NPs Featured Prominently in May 2010 Issue of Health Affairs
The final piece of exciting news in the primary-care arena is the May edition of Health Affairs on reinventing primary care. The issue is chock-full of innovative ideas on how the future of primary care could look. This is relevant to NPs since Health Affairs is read by a very wide audience, especially policymakers. Two of the articles are specifically about NPs. Our very own Charlene (Chuckie) Hanson coauthored “Unleashing nurse practitioners’ potential to deliver primary care and lead teams” with Joanne M. Pohl, Jamesetta A. Newland, and Linda Cronenwett.2 This article beautifully describes how many of the state nurse-practice acts limit the ability of APNs to fully care for patients. In the context of a looming primary-care shortage, these irrational regulations limit access to care and add to its cost. Moreover, a case is made that although team-delivered care is by far the highest-quality care, some states have twisted the term collaboration into regulatory supervisory language, losing the spirit and meaning of true collaboration.

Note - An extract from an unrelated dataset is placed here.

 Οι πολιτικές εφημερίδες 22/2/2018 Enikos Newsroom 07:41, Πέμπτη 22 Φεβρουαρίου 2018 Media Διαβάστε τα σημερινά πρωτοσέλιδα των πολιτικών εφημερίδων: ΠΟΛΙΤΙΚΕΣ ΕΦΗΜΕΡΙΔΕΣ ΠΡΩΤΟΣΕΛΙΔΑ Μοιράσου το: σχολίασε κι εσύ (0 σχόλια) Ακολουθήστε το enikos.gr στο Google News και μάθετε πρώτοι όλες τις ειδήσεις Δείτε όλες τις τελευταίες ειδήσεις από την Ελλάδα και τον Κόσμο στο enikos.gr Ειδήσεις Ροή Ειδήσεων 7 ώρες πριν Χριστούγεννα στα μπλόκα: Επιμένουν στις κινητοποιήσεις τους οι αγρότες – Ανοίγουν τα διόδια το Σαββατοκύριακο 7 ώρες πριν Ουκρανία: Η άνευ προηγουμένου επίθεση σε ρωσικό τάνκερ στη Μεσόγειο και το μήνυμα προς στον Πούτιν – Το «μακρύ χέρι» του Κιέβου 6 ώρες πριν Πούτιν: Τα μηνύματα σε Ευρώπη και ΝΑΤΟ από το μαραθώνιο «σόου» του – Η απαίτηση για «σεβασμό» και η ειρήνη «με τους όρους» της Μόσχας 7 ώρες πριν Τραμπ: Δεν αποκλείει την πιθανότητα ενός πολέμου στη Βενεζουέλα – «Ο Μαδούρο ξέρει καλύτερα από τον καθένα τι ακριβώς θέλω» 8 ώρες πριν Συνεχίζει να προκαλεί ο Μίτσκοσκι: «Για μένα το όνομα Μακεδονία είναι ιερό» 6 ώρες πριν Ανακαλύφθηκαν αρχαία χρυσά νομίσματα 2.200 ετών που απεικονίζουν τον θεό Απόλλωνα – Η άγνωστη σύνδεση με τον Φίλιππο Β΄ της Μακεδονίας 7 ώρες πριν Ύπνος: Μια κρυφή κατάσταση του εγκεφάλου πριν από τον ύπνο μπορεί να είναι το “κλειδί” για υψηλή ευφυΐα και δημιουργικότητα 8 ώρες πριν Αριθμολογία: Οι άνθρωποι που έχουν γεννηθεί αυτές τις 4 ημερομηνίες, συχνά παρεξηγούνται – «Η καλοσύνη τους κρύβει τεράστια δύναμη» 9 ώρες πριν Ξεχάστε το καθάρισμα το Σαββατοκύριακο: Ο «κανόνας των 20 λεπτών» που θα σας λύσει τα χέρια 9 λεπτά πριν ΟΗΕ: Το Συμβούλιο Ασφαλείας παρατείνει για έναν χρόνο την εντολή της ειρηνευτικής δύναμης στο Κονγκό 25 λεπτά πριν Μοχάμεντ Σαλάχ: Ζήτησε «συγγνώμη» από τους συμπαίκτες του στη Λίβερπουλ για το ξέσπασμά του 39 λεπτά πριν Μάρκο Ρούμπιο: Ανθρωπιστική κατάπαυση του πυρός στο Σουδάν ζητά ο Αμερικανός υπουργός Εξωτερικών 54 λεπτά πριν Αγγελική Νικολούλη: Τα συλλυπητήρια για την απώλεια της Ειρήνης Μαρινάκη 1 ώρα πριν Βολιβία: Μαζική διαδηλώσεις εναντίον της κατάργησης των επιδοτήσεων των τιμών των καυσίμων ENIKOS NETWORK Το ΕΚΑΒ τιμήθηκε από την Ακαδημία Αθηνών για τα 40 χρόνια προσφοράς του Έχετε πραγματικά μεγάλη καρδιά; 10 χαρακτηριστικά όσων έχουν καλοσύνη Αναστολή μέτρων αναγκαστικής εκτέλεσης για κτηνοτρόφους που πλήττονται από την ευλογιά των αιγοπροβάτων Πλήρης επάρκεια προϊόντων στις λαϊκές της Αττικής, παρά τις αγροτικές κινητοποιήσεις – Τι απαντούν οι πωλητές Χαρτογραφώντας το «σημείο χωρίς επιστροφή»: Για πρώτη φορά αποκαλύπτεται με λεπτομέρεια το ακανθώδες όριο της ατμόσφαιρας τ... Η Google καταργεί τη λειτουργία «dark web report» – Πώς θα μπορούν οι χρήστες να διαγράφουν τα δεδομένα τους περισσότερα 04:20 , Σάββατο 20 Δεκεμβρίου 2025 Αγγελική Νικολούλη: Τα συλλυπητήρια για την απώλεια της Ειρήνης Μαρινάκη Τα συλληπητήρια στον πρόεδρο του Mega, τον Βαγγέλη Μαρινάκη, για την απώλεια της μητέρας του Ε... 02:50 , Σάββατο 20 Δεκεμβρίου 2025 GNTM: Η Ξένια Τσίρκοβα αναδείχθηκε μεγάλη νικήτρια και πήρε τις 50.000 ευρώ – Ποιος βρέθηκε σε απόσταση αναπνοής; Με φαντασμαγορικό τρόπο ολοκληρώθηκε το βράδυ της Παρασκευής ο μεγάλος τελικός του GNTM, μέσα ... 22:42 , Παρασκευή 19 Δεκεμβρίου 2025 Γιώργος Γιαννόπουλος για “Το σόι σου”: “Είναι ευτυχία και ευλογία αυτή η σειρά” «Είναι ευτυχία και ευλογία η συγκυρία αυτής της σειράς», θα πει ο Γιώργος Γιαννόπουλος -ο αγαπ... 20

The authors recommend substantive changes in the way all primary-care providers are trained, educated, and held accountable for the care they deliver. The article stresses the importance of true collaboration among providers, patients, and communities and states that unless and until this happens, we are unlikely to see lowered costs and improved outcomes.
The second Health Affairs article that prominently features NPs is “The role of nurse practitioners in reinventing primary care,” by Mary D. Naylor and Ellen T. Kurtzman.3 These authors review the growing body of evidence demonstrating the importance of NPs to high-value primary care. The authors note that more effective use of the NP workforce could occur if unwarranted practice restrictions were removed, practice acts were standardized across all of the states, and NP performance results were publicly reported. They conclude that NPs must be held more directly accountable for the care they provide and that Medicare’s graduate medical education program should be redirected to NPs in primary care. They state clearly that the potential of the NP workforce has been largely overlooked as a solution to the growing chronic illness epidemic in our nation and the subsequent surge in demand for high-value primary care.

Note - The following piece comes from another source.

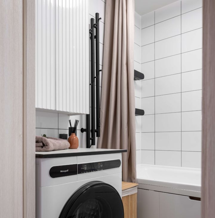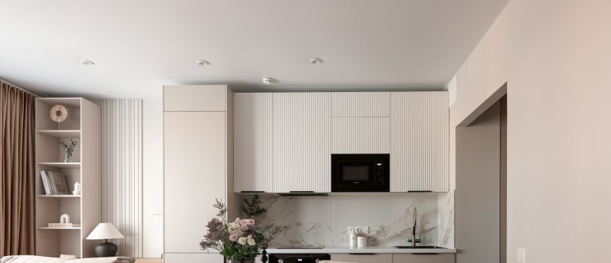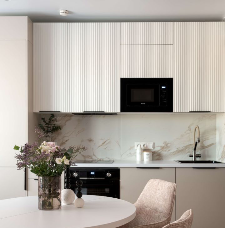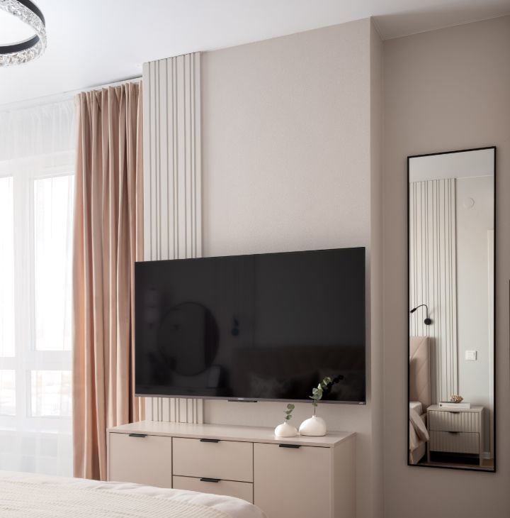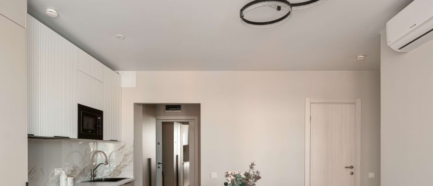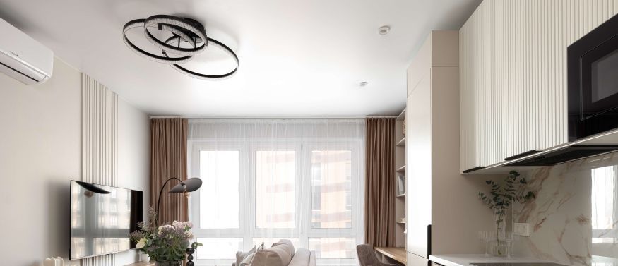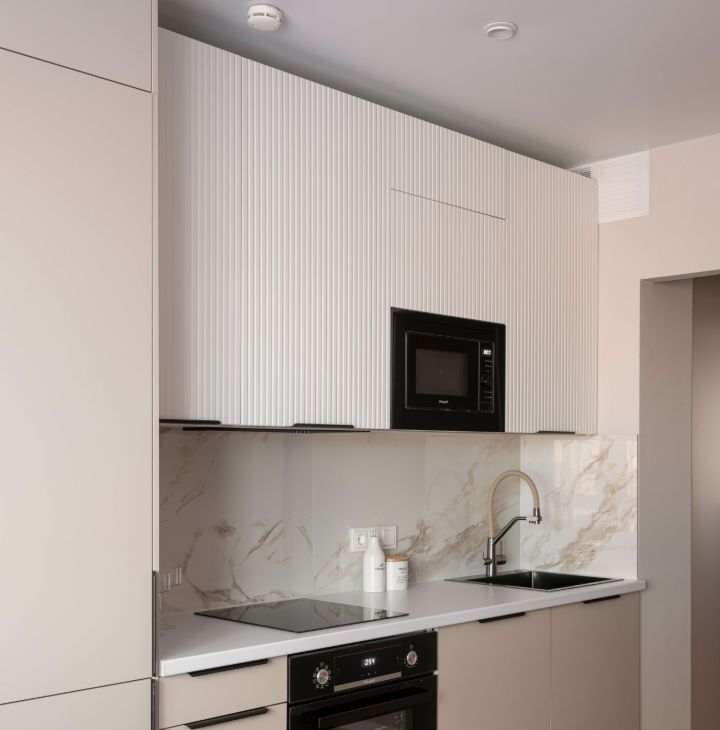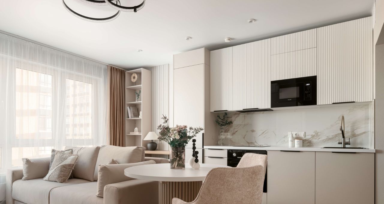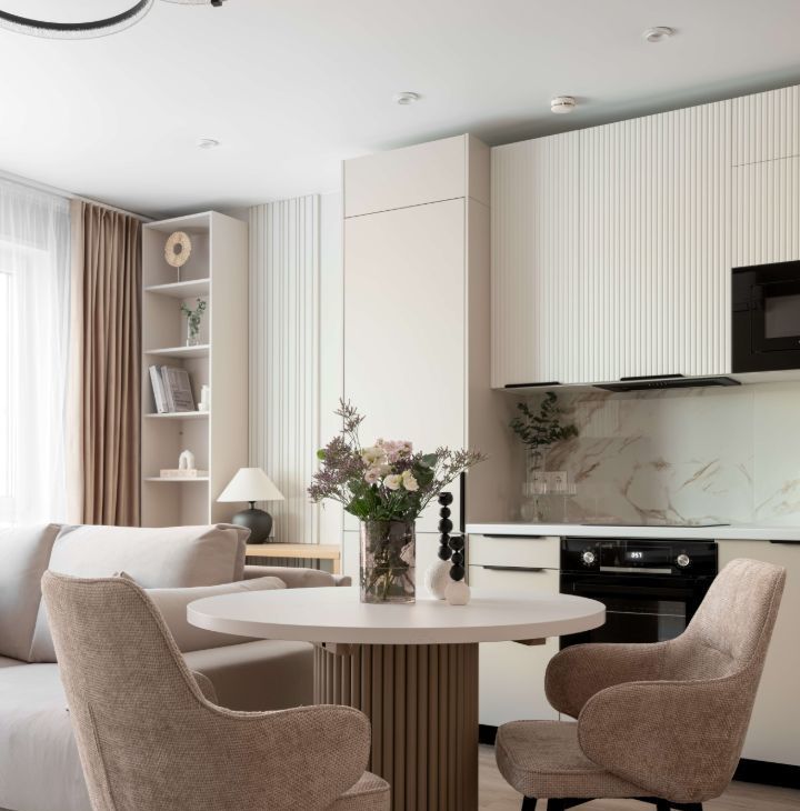 • Кухня-гостиная (студия): Современный гарнитур, встроенная техника премиум (холодильник Weissgauff NoFrost, посудомойка, индукционная панель, духовка с паром, вытяжка, микроволновая печь). Обеденная зона: раздвижной стол и 2 стильных поворотных стула. Мягкая зона: большой диван-кровать Босс Прайм (велюр) с ящиком для хранения. Телевизор Xiaomi 55 (для комфортного просмотра из любой зоны), два кондиционера.

Changing the Infrastructure
A compelling case has been made for reinvesting in and rebuilding a robust primary care workforce and delivery system and instituting payment reform. We can look to other nations to see how wobbly our primary-care infrastructure is. They build their primary-care infrastructure first. Then, as they gain more resources, they move to secondary and tertiary care systems that are built on a solid primary-care foundation. We, on the other hand, currently have a top-heavy system that is heavily invested in tertiary-care and a fragile and weak primary-care system. Despite the dire state of primary care in this country, there is a consensus emerging that NPs are integral to a reformed system and that primary care is too important to fail. Remembering our roots and firm grounding in primary care, NPs can influence this unstable, upside-down triangle and work toward building a firm primary-care base. Let’s turn this backwards pyramid upside down. Let the renaissance begin.